Considering bee and any other pollinator is a major concern of mine.


----------



## Nitram (Apr 2, 2011)

TJH said:


> Taking out wind rain etc. any certain time of day when targeted plants take up chemicals best.


Herbicide or pesticides? Note if there is/are bee keeper(s) in area bee sure to notify them BEFORE you spray any pesticides.


----------



## TJH (Mar 23, 2014)

Thanks to all. Bees are a concern of mine also. Mainly I'm going after broadleafs in pastures, a little late here now though. But I've noticed that glyphosate is better sprayed in the morning than evening. The other day I sprayed a fence row in the morning and around the garden in the evening and the fence row was a good kill the garden not as much. I always thought both times would be good but not for glyphosate.


----------



## Colby (Mar 5, 2012)

This is just my reasoning... I like to spray early in the mornings while the plant is open and at full activity.

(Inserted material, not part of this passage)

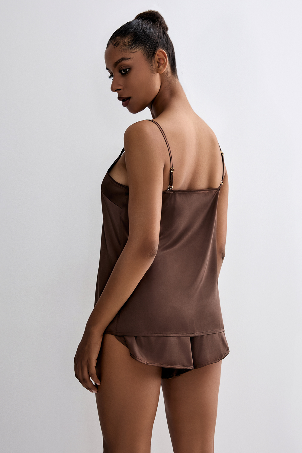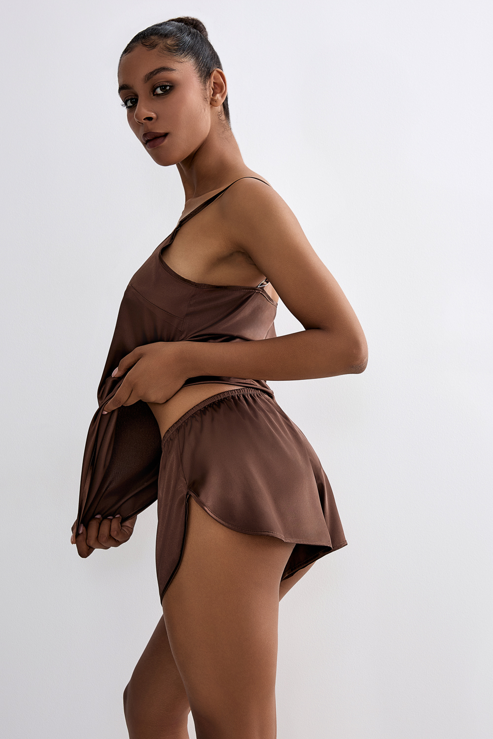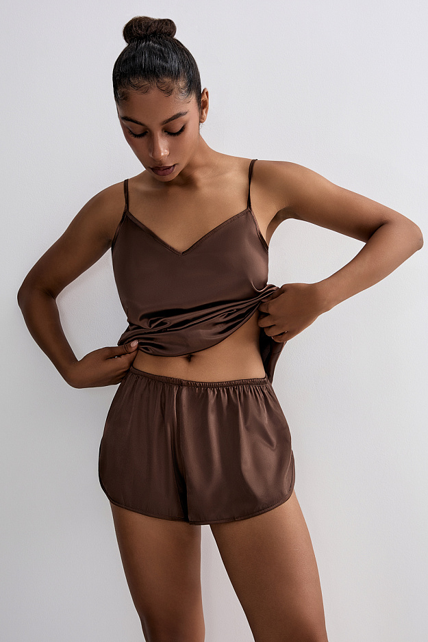 Комплект шорты и майка на бретелях из примиального атласа. Состав: 95%полиэстер 5%спандекс

I feel like you don't get nothing accomplished once it reaches 90 degrees and the plants close. They don't absorb as much chemical.

I don't know where my idea came from but it works.


----------



## mlappin (Jun 25, 2009)

All kinds of adjuvants and stickers can be used to overcome the time of day issue, it all depends on how much you have to spray and how fast it needs done.

Good advice though on pollinators and letting any beekeepers around know.


----------



## Nitram (Apr 2, 2011)

They should be registered with local Ag department FSA county extension office


----------



## SwingOak (May 19, 2014)

What I learned years ago was that whatever you are applying needs time to dry, usually about an hour at minimum. Many herbicides and pesticides volatilize at temperatures 90° and higher, so it's better to spray earlier in the day if it's going to be hot. If you spray too late in the evening, the spray can be diluted by dew before it has a chance to be effective and may even be washed off the plant if the dew is heavy. Recently I sprayed 2-4,d early in the morning with a heavy dew still on the grass, and finished spraying the field that same evening starting about an hour before sunset. The area I sprayed in the morning showed an earlier response. Except for the spots I missed...


----------